Boys’ Basketball

Newcomers preparing for a demanding season

Craig Haley, NJHoops.com Columnist
October 2, 2007

The newcomers on the Blair Academy (Blairstown) basketball team might believe they will have it tough this season with head coach Joe Mantegna's demanding style.

Wait until they run into his wife. Shelly Mantegna is a certified yoga instructor who will work with the Blair players during the preseason.

"They usually don't know what to expect," Joe Mantegna said. "They think (yoga) is going to be easy and then my wife kicks them in the butt for a couple weeks."

Fitness, injury prevention and mental toughness will be key factors in the preseason because Blair lost nine seniors from a 19-7 squad which lost to the Hun School in both the Prep 'A' state final and the Mid-Atlantic Prep League final.

At least three of the newcomers figure to be starters, so the Buccaneers will have some chemistry lessons before they mix as a team.

The newcomers who should be starters are Stanford-bound Jarrett Mann the 6-foot-4 shooting guard who is ranked eighth in the Class of 2008 by NJ Hoops; 6-8 junior forward Austin Johnson, who is ranked fifth in the Class of 2009 by NJ Hoops; and 6-9 post-graduate Alex Vouyoukas, who committed to Davidson last week. Vouyoukas is a European-type big man who should keep up with the way Blair will run the floor.

The other post-grads stepping into the program are a pair of 6-2 shooting guards, Nick Lehn, from Connecticut, and Cam Chambers, from North Carolina.

Sophomore Hakim Harris is the team's only returning starter, and the 6-foot guard should switch to the point after playing off the ball opposite Justin Robinson, now a freshman at Rider.
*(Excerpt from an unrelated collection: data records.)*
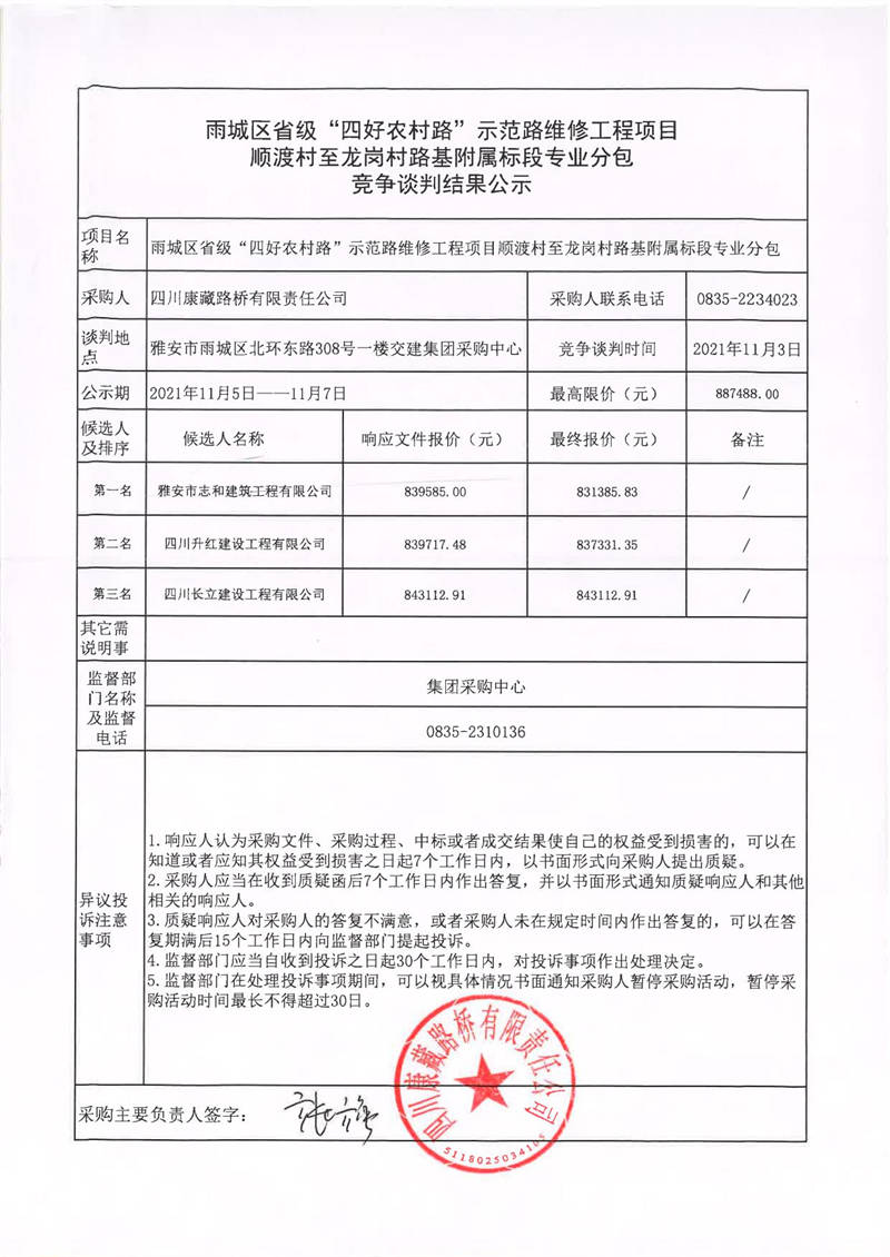 四川康藏路橋有限責(zé)任公司雨城區(qū)省級(jí)“四好農(nóng)村路”示范路維修工程項(xiàng)目順渡村至龍崗村路基附屬標(biāo)段專(zhuān)業(yè)分包競(jìng)爭(zhēng)談判結(jié)果公示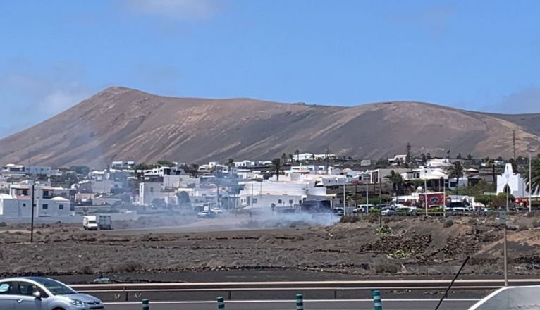 Los bomberos Voluntarios de Lanzarote han apagado este jueves un conato de incendio frente a la gasolinera de Mácher. El fuego se ha producido sobre las 13.45 horas en un solar cercano a la gasolinera y ha provocado una pequeña columna de humo.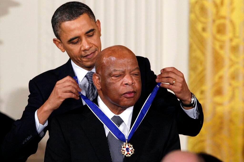 En un temprano revés para la campaña de primarias de Barack Obama en 2008, Lewis respaldó la candidatura de Hillary Rodham Clinton a la nominación demócrata. Lewis cambió de parecer cuando quedó claro que Obama tenía un apoyo abrumador entre los afroestadounidenses. Más tarde, el presidente distinguió a Lewis con la Medalla Presidencial de la Libertad y marcharon juntos en el 50mo aniversario del Domingo Sangriento en Selma.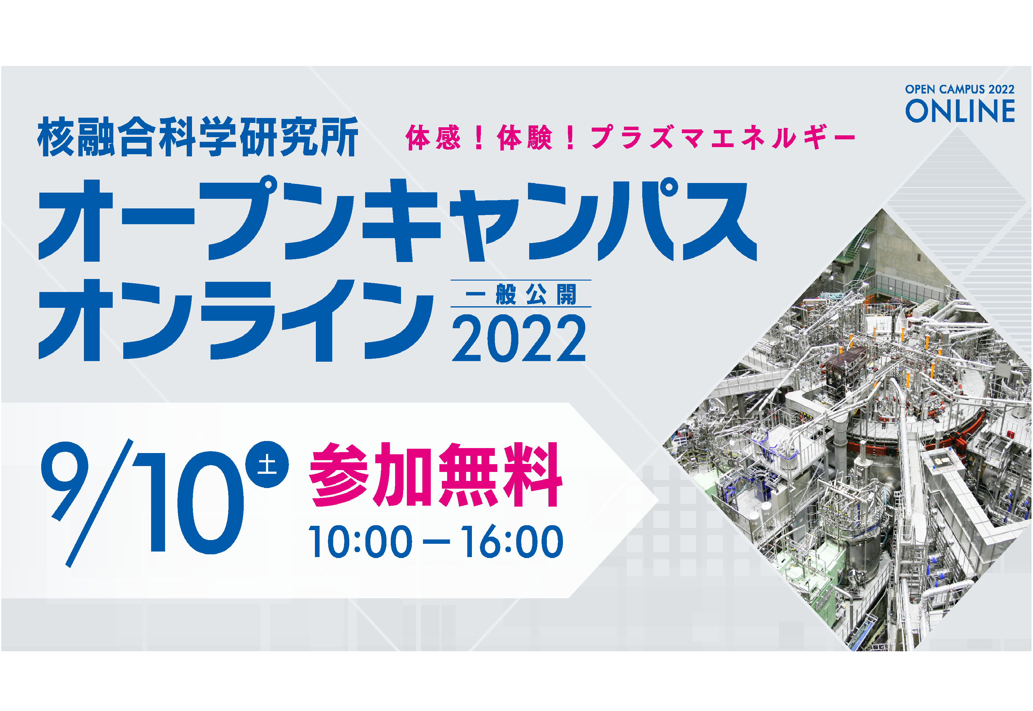 2022年9月10日(土)、核融合科学研究所のオープンキャンパスがオンライン開催されます。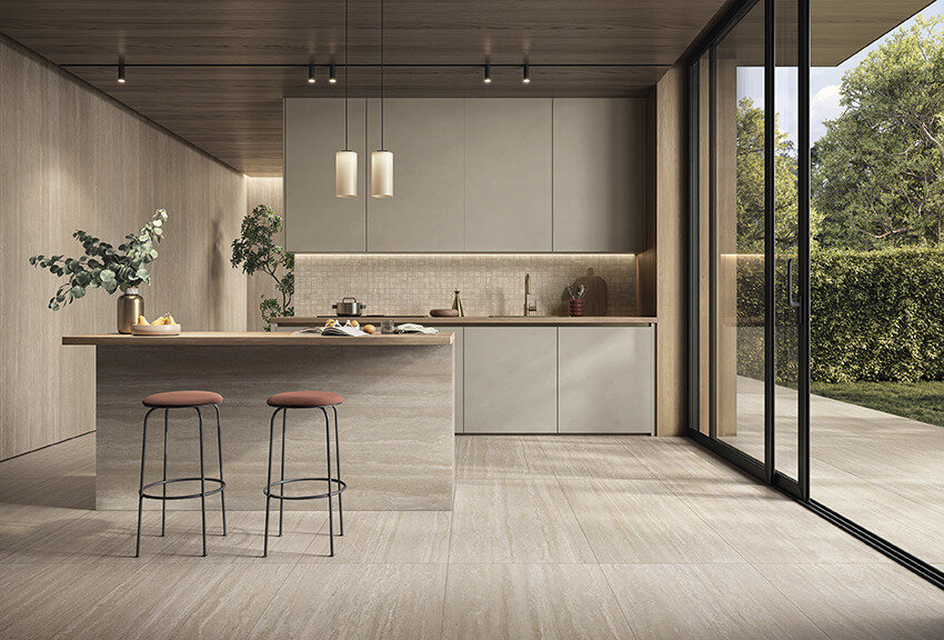 Perpetual Travertino amplia la collezione effetto marmo lanciata nel 2023, introducendo superfici dalla forte vocazione architettonica ispirate alla nobiltà del travertino vein cut. Texture profonde e sofisticate raccontano un’estetica intramontabile, riletta con un linguaggio visivo attuale, accogliente e ricco di personalità.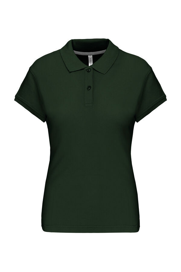 Polo femme col en bord-côte, patte de boutonnage 3 boutons. Bande de propreté contrastée à l’encolure. Fentes latérales. Manches courtes, bas de manche finition en bord-côte. Finition double aiguille bas de vêtement. | Maille piquée.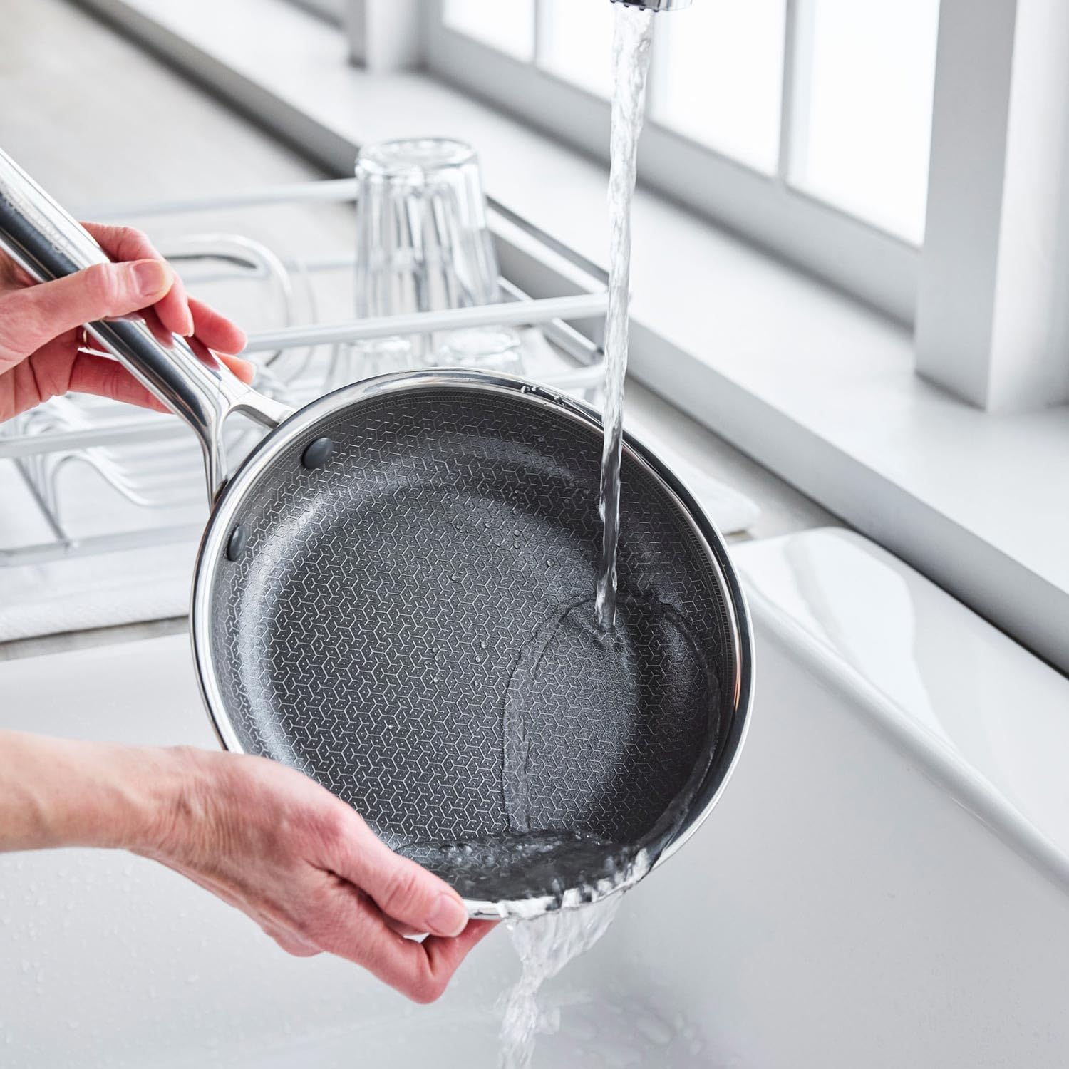 Combining beauty and toughness, Apex has a unique structure with a green pan's unique etched pattern on the stainless steel layer, and a PFAS free ceramic coating. The stainless steel (convex) on the surface gives the food a strong aromatic "baked" and the etched convex is protected by the ceramic layer to prevent wear and maintain its "strength" and non-stick effect. The entire body is made of 3 layers (stainless steel, aluminum, and stainless steel). The aluminum core that transmits heat rapidly is sandwiched in stainless steel, so heat is not only applied to the bottom, but also to the sides, ensuring that the food can pass through to the core of the food even from low to medium heat. The patented ceramic coating of Theron has been further evolved with diamond particles. Clear clear coat layer over the entire surface of pots and pans provides strong scratch resistance. GREENPAN Single handle pot Gas Fire Induction PFAS Free Fluorine free Ceramic Coating Textured pattern Cookware Kitchenware Eco gift Gift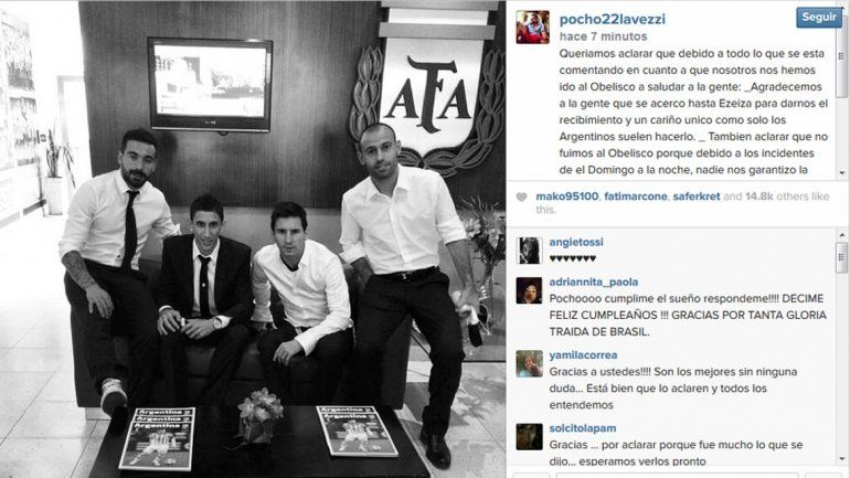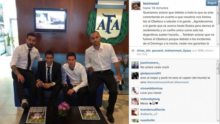 Sin embargo, los futbolistas del plantel argentino dieron una versión diferente a la de la AFA. El capitán, Lionel Messi, y los referentes Ezequiel Lavezzi y Javier Mascherano, difundieron un mensaje en las redes sociales, en el que explicaron que desistieron de ir al Obelisco porque "no estaba garantizada la seguridad".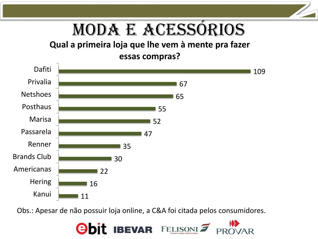 Modaeacessórios 11,9% 10,7% 7,8% 7,5% Obs.: Apesar de não possuir loja online, a C&A foi citada pelos consumidores.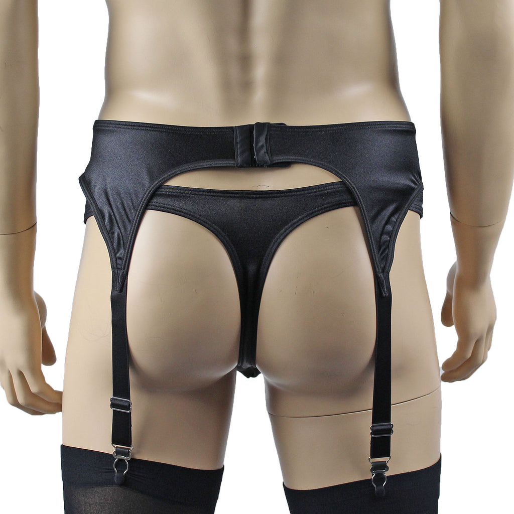 Male Romance Stretch Spandex Bra, G string Thong & Garterbelt Black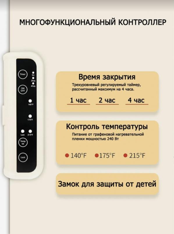 Устройство работает от сети 220В и имеет три температурных режима для подогрева: 140℉,175℉,215℉.

Ameer Brown, 27th among juniors in the state, probably will be the fifth starter. The 6-4 forward has been receiving interest from Ivy League, Patriot League and Colonial Athletic Association schools.

The sophomore class is particularly deep, with 6-5, 215-pound forward Tyler McNeely and 6-2 shooting guard Ryan Lubreski expected to garner minutes.

"I'm hoping by Christmas that we'll start to have an identity," Mantegna said. "We hope to have the roles figured out by then and that we'll start to play like a Blair basketball team."

Blair will play in the Boys' Club of New York Holiday Classic as well as some games in Manchester, England, and regular-season games against St. Benedict's (Newark), St. Patrick's (Elizabeth) and Hun School (Princeton Township). The Bucs again should be Hun's chief challenger in the prep ranks.